> PROBLEM: Your job is to give again, exactly and with no additions, the lines in the records below from the one with "Brennenstuhl Presa Elettrica" through the one with "Orion has been", both included. Omit the pictures.

> THE DATA:
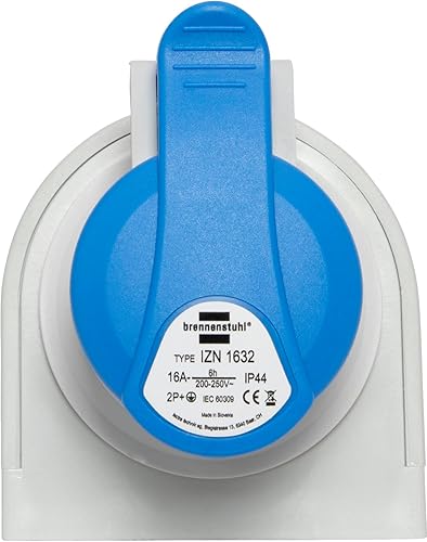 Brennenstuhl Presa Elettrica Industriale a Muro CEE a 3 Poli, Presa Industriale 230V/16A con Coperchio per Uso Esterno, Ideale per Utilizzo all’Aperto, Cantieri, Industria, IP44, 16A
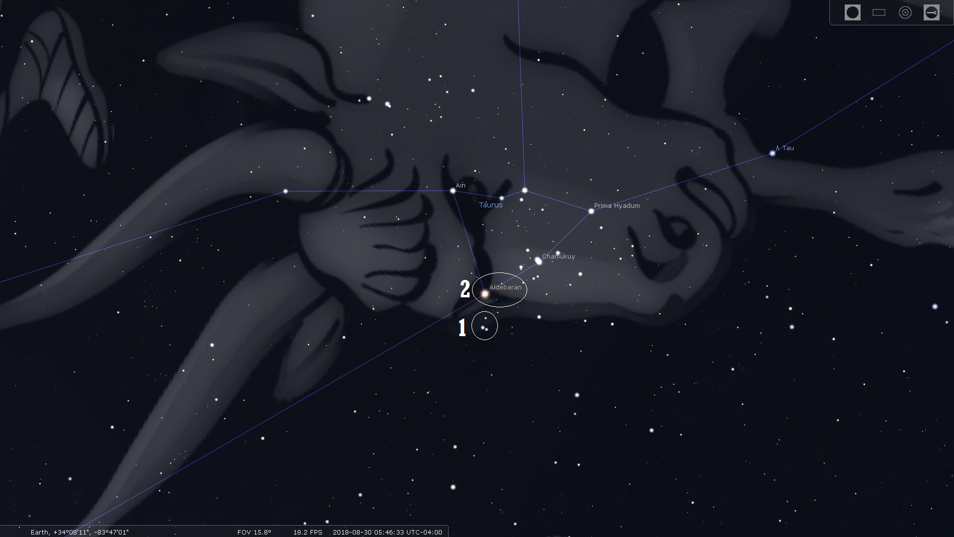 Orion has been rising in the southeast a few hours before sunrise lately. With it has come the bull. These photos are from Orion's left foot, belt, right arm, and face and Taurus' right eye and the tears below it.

...

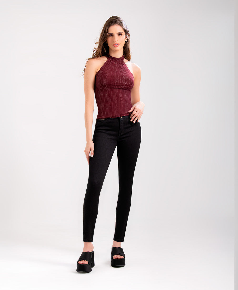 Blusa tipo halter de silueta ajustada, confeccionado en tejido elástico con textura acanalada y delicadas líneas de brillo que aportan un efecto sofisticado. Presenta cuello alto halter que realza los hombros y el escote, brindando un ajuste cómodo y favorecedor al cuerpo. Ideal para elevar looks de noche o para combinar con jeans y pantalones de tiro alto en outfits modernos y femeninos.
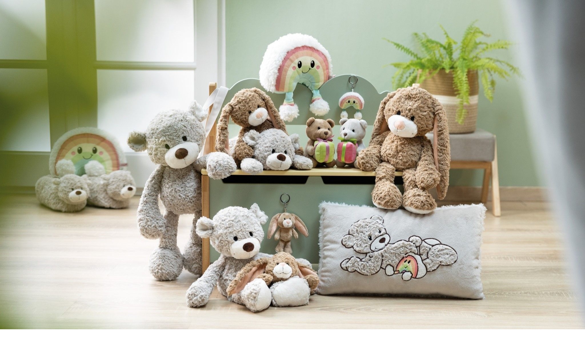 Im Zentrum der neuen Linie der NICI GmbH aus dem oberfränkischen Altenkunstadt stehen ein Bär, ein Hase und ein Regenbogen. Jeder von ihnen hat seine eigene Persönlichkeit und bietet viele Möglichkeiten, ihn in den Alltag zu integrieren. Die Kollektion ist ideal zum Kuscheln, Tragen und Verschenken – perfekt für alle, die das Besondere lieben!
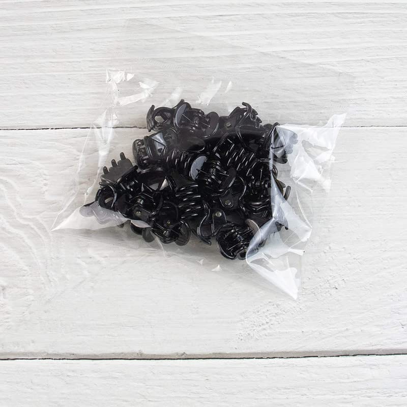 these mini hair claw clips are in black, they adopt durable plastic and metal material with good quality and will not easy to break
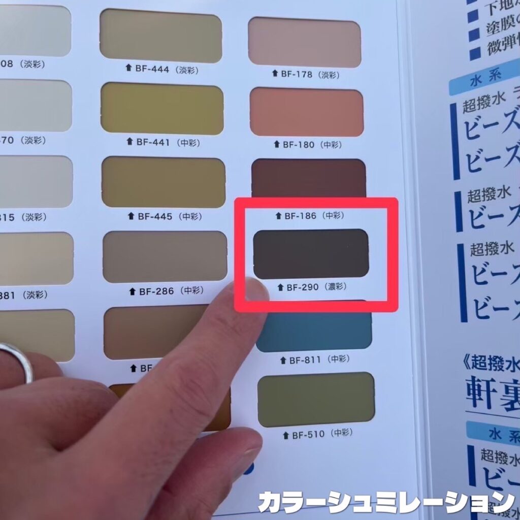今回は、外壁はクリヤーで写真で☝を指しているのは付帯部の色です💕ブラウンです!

==

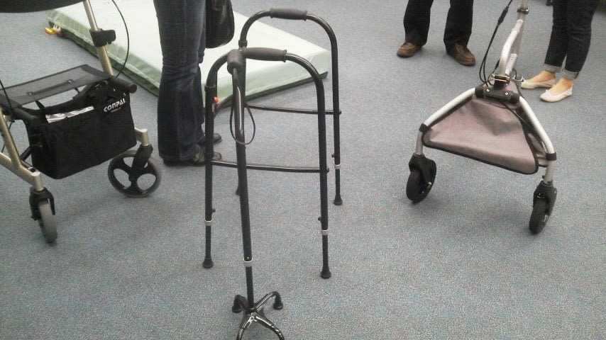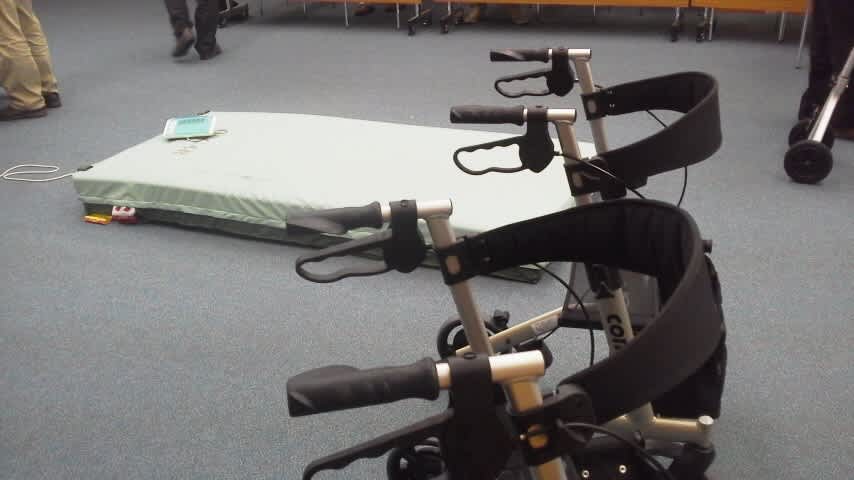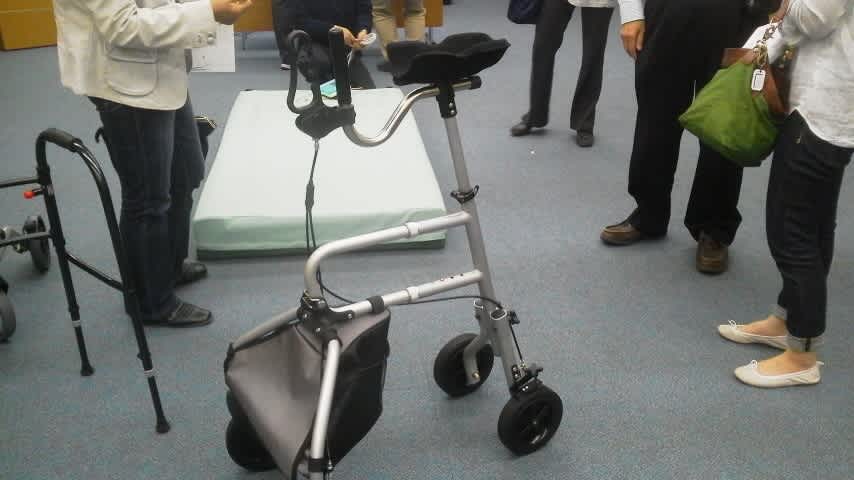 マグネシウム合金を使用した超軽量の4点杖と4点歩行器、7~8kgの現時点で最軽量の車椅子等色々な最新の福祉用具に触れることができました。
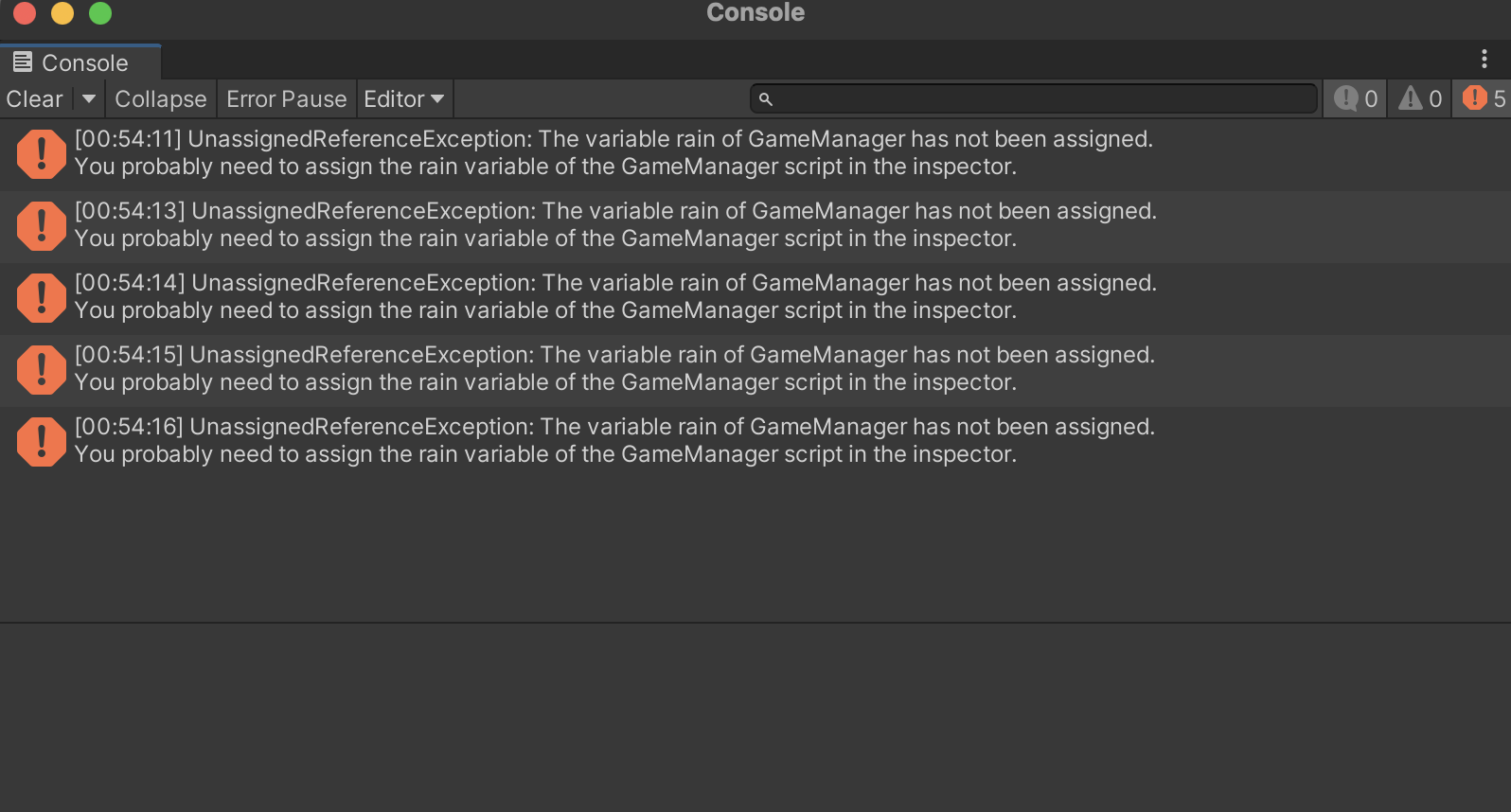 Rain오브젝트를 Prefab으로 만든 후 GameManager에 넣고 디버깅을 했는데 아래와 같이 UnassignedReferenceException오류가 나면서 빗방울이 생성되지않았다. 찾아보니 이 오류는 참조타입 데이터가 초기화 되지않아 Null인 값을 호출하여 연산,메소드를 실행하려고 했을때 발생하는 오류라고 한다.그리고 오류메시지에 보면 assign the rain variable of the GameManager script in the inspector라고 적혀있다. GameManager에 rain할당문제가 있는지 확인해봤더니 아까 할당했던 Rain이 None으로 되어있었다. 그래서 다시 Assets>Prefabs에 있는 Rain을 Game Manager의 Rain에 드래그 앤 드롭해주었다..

> RESPONSE:
 Brennenstuhl Presa Elettrica Industriale a Muro CEE a 3 Poli, Presa Industriale 230V/16A con Coperchio per Uso Esterno, Ideale per Utilizzo all’Aperto, Cantieri, Industria, IP44, 16A
 Orion has been rising in the southeast a few hours before sunrise lately. With it has come the bull. These photos are from Orion's left foot, belt, right arm, and face and Taurus' right eye and the tears below it.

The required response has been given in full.